Task objective ▸ Starting with the line that has "Fototapeta premium Vector" in the records below and ending with the line that has "Tato rozsáhlá 52-dílná", output those lines exactly and nothing more; omit the pictures.

Records to use ▸
_ _ _ _
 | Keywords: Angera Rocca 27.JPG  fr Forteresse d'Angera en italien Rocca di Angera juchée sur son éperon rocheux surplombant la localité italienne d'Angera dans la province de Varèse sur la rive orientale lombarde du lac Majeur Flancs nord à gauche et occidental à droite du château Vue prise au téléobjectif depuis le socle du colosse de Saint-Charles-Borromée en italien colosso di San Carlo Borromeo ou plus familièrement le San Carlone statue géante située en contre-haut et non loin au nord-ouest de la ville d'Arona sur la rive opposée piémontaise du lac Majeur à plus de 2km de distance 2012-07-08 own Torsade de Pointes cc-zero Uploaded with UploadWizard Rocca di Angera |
_ _ _ _
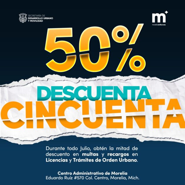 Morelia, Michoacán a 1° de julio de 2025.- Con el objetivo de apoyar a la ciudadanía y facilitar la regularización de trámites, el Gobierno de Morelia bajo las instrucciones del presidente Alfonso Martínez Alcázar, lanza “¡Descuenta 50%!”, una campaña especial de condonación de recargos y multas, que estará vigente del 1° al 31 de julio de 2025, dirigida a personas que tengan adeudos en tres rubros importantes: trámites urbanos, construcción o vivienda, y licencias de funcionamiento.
_ _ _ _
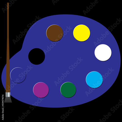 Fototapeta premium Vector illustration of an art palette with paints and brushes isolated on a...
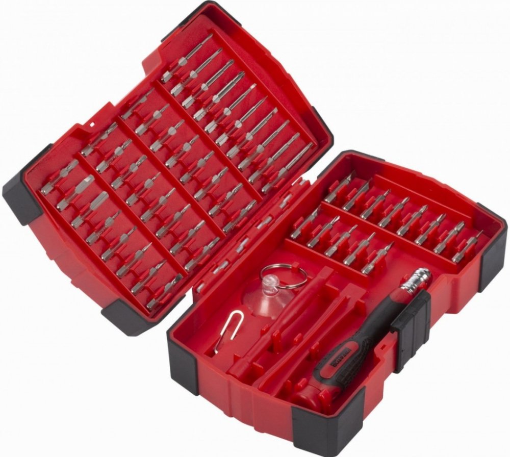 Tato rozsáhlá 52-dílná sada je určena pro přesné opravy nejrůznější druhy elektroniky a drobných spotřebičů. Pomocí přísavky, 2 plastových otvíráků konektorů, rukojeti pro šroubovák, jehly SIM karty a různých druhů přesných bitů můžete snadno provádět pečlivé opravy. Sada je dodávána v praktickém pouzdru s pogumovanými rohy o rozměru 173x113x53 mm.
_ _ _ _
Finished exercise ▸
 Fototapeta premium Vector illustration of an art palette with paints and brushes isolated on a...
 Tato rozsáhlá 52-dílná sada je určena pro přesné opravy nejrůznější druhy elektroniky a drobných spotřebičů. Pomocí přísavky, 2 plastových otvíráků konektorů, rukojeti pro šroubovák, jehly SIM karty a různých druhů přesných bitů můžete snadno provádět pečlivé opravy. Sada je dodávána v praktickém pouzdru s pogumovanými rohy o rozměru 173x113x53 mm.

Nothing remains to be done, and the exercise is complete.